Albany Times Unions - Testing Can Save Lives Of Women
Bill mandates insurers to cover MRI or other cancer exam for patients with dense breast tissue
Excerpt from Albany Times Union by Casey Seiler - May 1, 2012
ALBANY — The backers of a bill newly introduced in the state Legislature say it could save the lives of women who don't even know they're in peril.
As many as 50 percent of tumors in women with dense breast tissue go undetected by conventional mammograms, and most women with dense tissue don't even know about this aspect of their bodies — even if their doctors do. Dense tissue tends to appear cloudy on a mammogram, potentially hiding a tumor of small or even larger size.
Townsend Montant of Shelter Island held up a tennis ball mounted on a trophy, and said that his wife's tumor had grown to that size before her cancer was detected. She died in October. On a regular mammogram, he said, the growth would have looked like "a golf ball in a snowstorm."
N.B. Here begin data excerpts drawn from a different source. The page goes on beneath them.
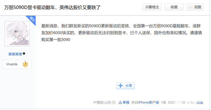 英伟达于1月30日正式开售其新一代旗舰显卡GeForce RTX 5090及中国特供版RTX 5090 D。但目前上市仅数日,就出现了多起国内外玩家报告的“变砖”事件,在安装最新驱动之后出现黑屏、系统无法识别问题,涉及七彩虹、万丽、技嘉等多个品牌。
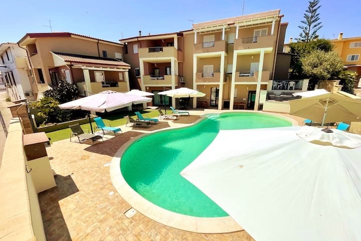 Appartamento in residence con piscina stagionale all'aperto e di una recepition. In loco parcheggio privato gratuito e una terrazza solarium con lettini. Tutte le spiagge raggiungibili tra i 5 e 10 minuti di macchina.. Composto da 1 Camera da letto, bagno con doccia, lavatrice e asciugacapelli, cucina ben attrezzata, frigorifero, forno, soggiorno con tv e divano letto, inoltre l'appartamento e dotato di un Kit spiaggia, wi-fi e aria condizionata. La struttura dista 7 km da Castelsardo.
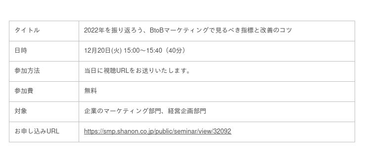 株式会社シャノン(本社:東京都港区、代表取締役社長:中村 健一郎)は、BtoBマーケティングの施策を効果的に振り返るための指標と改善のコツについてご紹介するウェビナーを12月20日(火)に開催します。
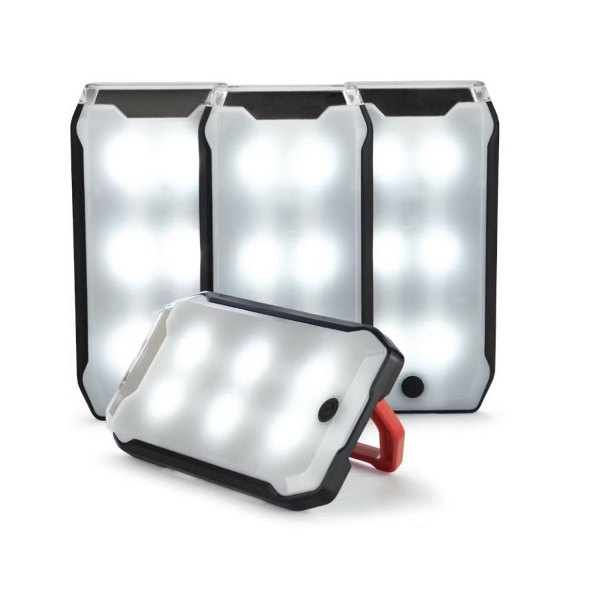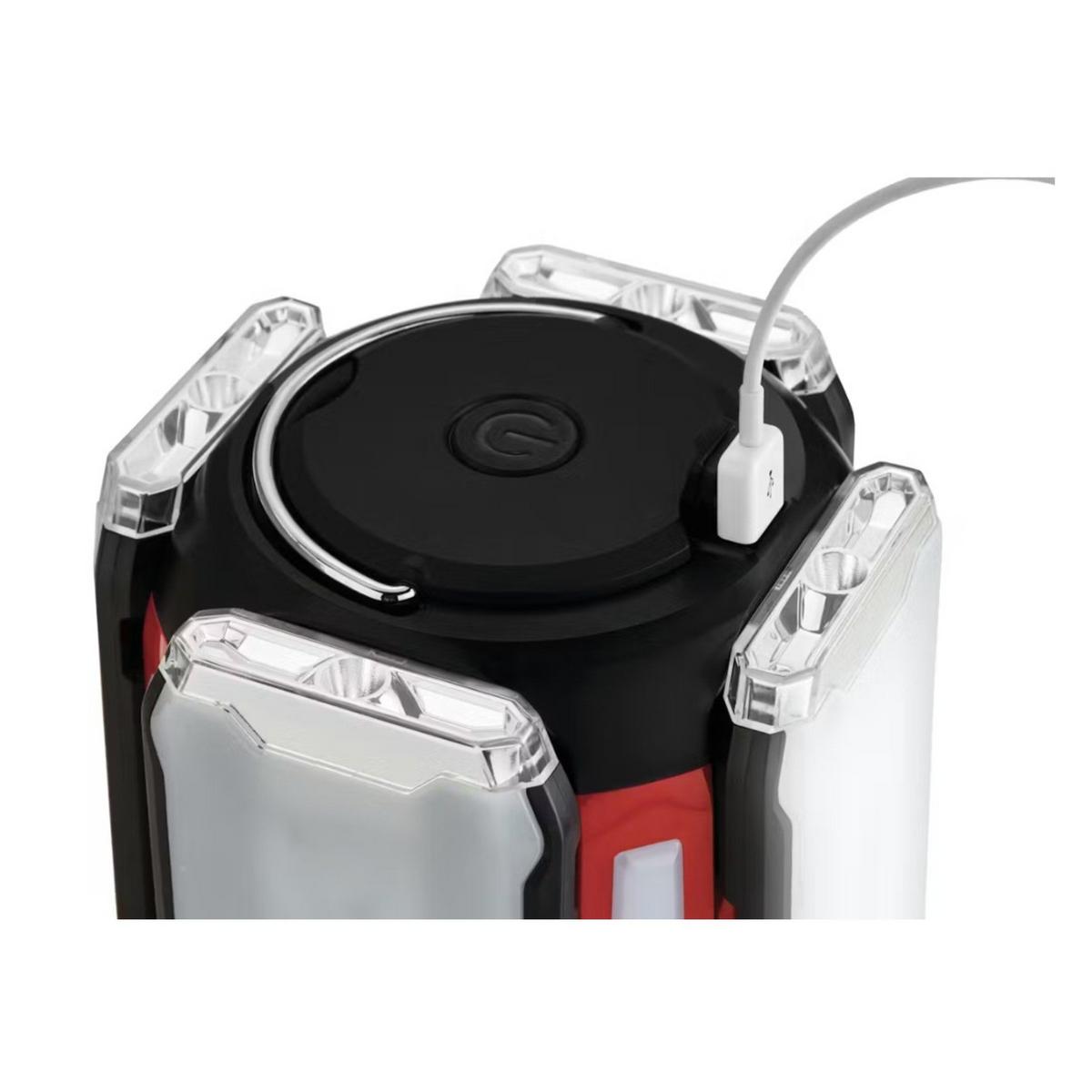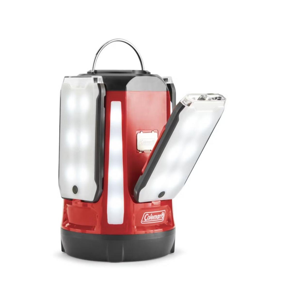 Get the convenience of multiple lights in one when you have the Coleman® Quad Pro 800L LED Lantern. When you need to take some light with you without taking the whole lantern simply pop one of the take-along light panels off the base to use as a personal light. Each panel also has a built-in flashlight providing the options of directional or area lighting whenever you leave the main area. The magnetic attachment system on each panel lets you stick them to toolboxes car hoods the steel frame of your shelter or other metal surfaces for hands-free light. Or you can flip out the fold down panel handle and use it as a stand to prop the panel up on a table. When you return the panels back to the base the batteries will automatically recharge. If every panel needs to be removed a light on the base will stay lit to help you find your way back to the main campsite. Plus with the mobile charging output you can keep your phone and other mobile devices charged if you're not around a power source or if the power is out. When everything is together the lantern shines up to 800 lumens on high for up to 20 hours or 100 lumens on low for up to 400 hours so you can enjoy good times with your friends and family long into the night.
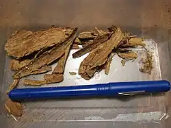 In African traditional medicine and rituals, the yellowish root or bark is used to produce hallucinations and near-death outcomes, with some fatalities occurring.[3] In high doses, ibogaine is considered to be toxic, and has caused serious comorbidities when used with opioids or prescription drugs.[3][4] The United States Drug Enforcement Administration (DEA) lists ibogaine as a controlled substance of the Controlled Substances Act.[3]
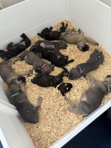 message imperialguardcorso about this ad Update 12/26/24 Our adorable puppies will be 6 weeks old this Saturday 12/28 and will be ready to go to their new homes after 01/11/2025! These sweet pups are well-socialized with children and other animals, making them the perfect addition to any family. Theyve had their tails docked, declaws removed and will have first round of vaccinations by time they go home to you. For more information or to make a deposit, reach out to Josh at 401-651-0498. Welcome! Im passionate about breeding Cane Corso puppies that embody the best traits of this incredible breed. Our puppies are registered purebreds, coming from champion bloodlines. Raised in a loving home around children and other animals, they are well-socialized and ready to become loyal companions. If youre looking for a strong, protective, and affectionate addition to your family, Id love to connect with you! Feel free to reach out for more information. 12 puppies in total. 8 Males (3 black Brindle, 4 grey brindle, 1fawn brindle) 4 Females (1 fawn brindle, 1 black brindle, 2 grey brindle) message imperialguardcorso about this ad |

State Sen. John Flanagan, R-Long Island, and Assemblywoman Ellen Jaffee, D-Rockland County, were joined by fellow lawmakers and advocates at the Capitol to discuss a bill that would require insurance companies to cover supplemental screenings, such as MRI or ultrasound, for women with dense breast tissue. The legislation would also require that mammography reports include clear language informing women with the physiological condition about the medical facts surrounding it — including the potential need for additional tests.
Flanagan hoped to see the bill voted on by the end of the legislative session in June.
There's no type of breast that's more likely to have dense tissue. Dr. Thomas Kolb, who has researched breast cancer as well as screening technology, said younger women tend to have a higher incidence of dense tissue: 66 percent of pre-menopausal women have it, as opposed to 25 percent of post-menopausal women.
Cancer is four to six times more likely in women with dense tissue.
"My name is JoAnn Pushkin, and I am a time bomb," said one of several cancer survivors or relatives who told their stories at the news conference. Pushkin, who lives in Flanagan's district, discovered a lump in her breast through a self-exam, only to later learn that her tumor had been growing for five years, camouflaged from mammography.
Her radiologist and her referring doctor knew that she had dense tissue.
"The only one who didn't know was the one with dense breasts," said Pushkin, the executive director of Are You Dense Advocacy, which has pushed for similar legislation in other states and on the federal level.